It has been a while since I have last posted and that is because of my focus on writing for The Project Manager's Guide to Emotional Intelligence. Just so you don't think I have given up on the blog, here are my thoughts on Managing Conflict using Emotional Intelligence. Let me know what you think.
Conflict is Inevitable
Most project managers would agree that conflict on projects is inevitable. Projects are built on a foundation of the conflicting constraints of time, cost, and scope. Projects are often created to satisfy the needs of one set of stakeholders which may conflict with needs of other stakeholders. During the execution of projects, conflict frequently surfaces over contention for resources, rewards and recognition, roles and responsibilities, team member diversity, technical decisions, reporting structures, and even individual personalities.
Lack of emotional intelligence in project team members and stakeholders can also cause conflict.
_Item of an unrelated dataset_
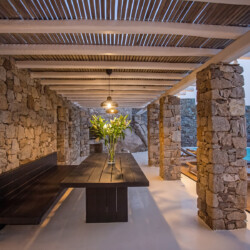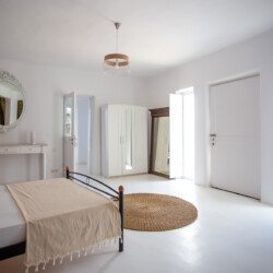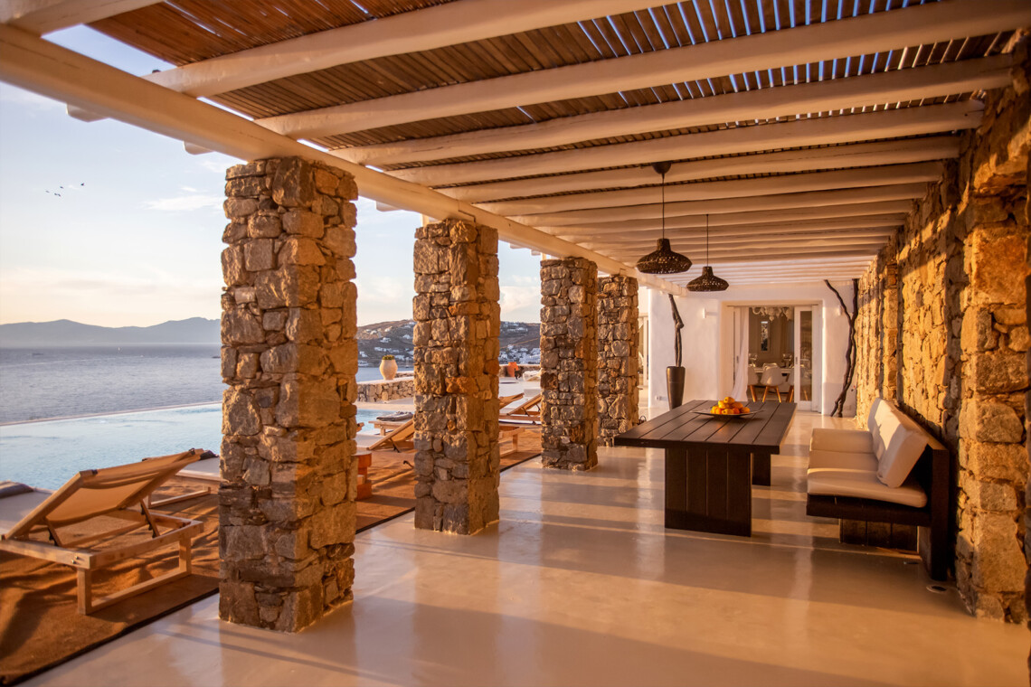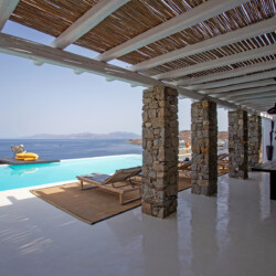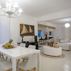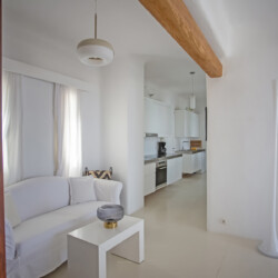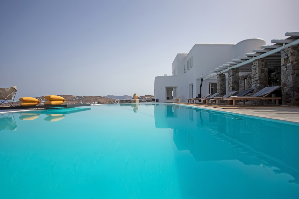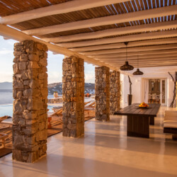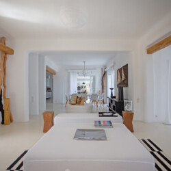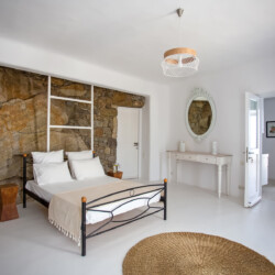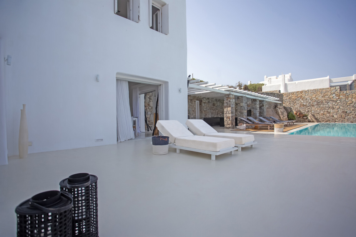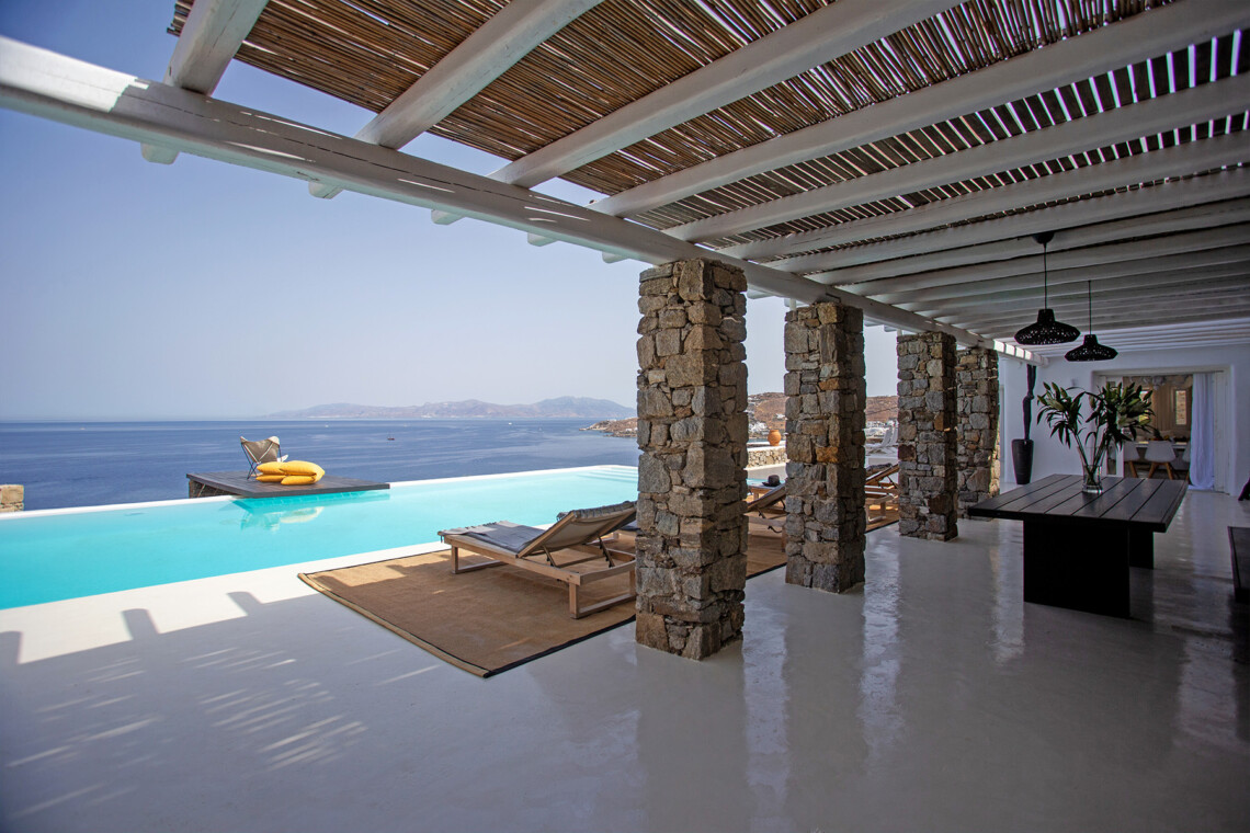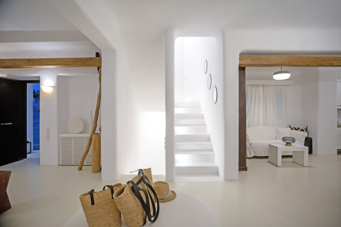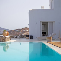 Accommodating up to 12 guests, the villa features six beautifully appointed bedrooms, five of which are en-suite, along with spacious living areas filled with natural light. The interiors combine clean lines, neutral tones, and contemporary furnishings, while large openings frame the sea views and seamlessly connect indoor and outdoor spaces for effortless island living.
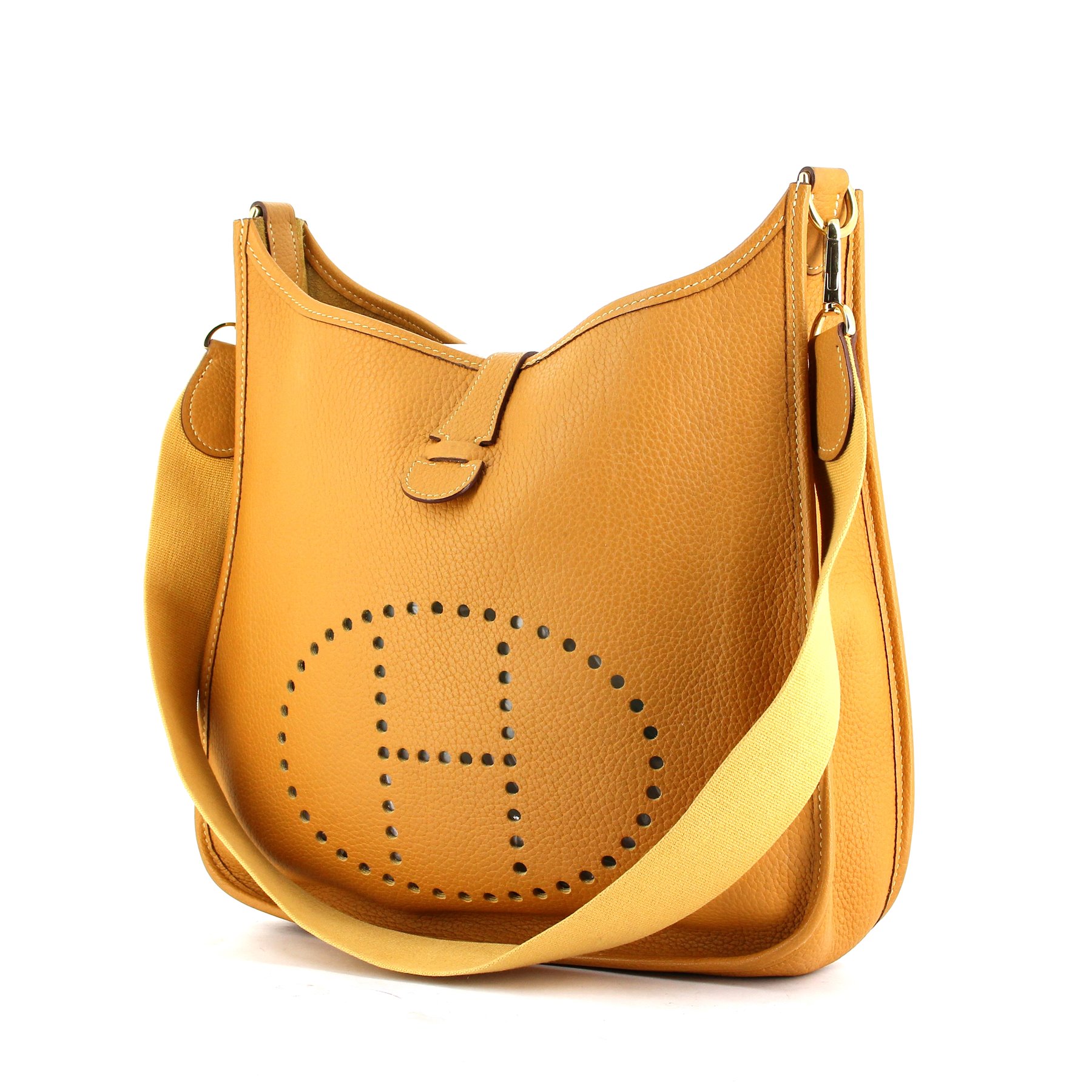 Bolso zurrón Hermes Evelyne modelo grande en cuero taurillon clémence color oro Ref Collector Square: 32 39 05

Team members and stakeholders who experience emotional breakdowns or lack emotional self-control are like ticking time bombs. When they detonate, they will frequently take healthy members of the team with them which could include you as the project manager. Even team members and stakeholders with high emotional intelligence may create conflict with others when they are under stress and pressure.
Most project management experts agree that project conflict can be healthy. Properly channeled, conflict can galvanize teams, spark creativity, and cause healthy competition. Conflict also provides the opportunity for the project manager to show leadership with emotional intelligence competencies such as empathy, self-control, and relationship management.
If not properly channeled, conflict can stifle communication, kill creativity, and squash productivity. Un-managed conflict will create unnecessary distractions and may encourage otherwise good team members to leave. Teams that are not able to manage conflict may fail to reach their objectives.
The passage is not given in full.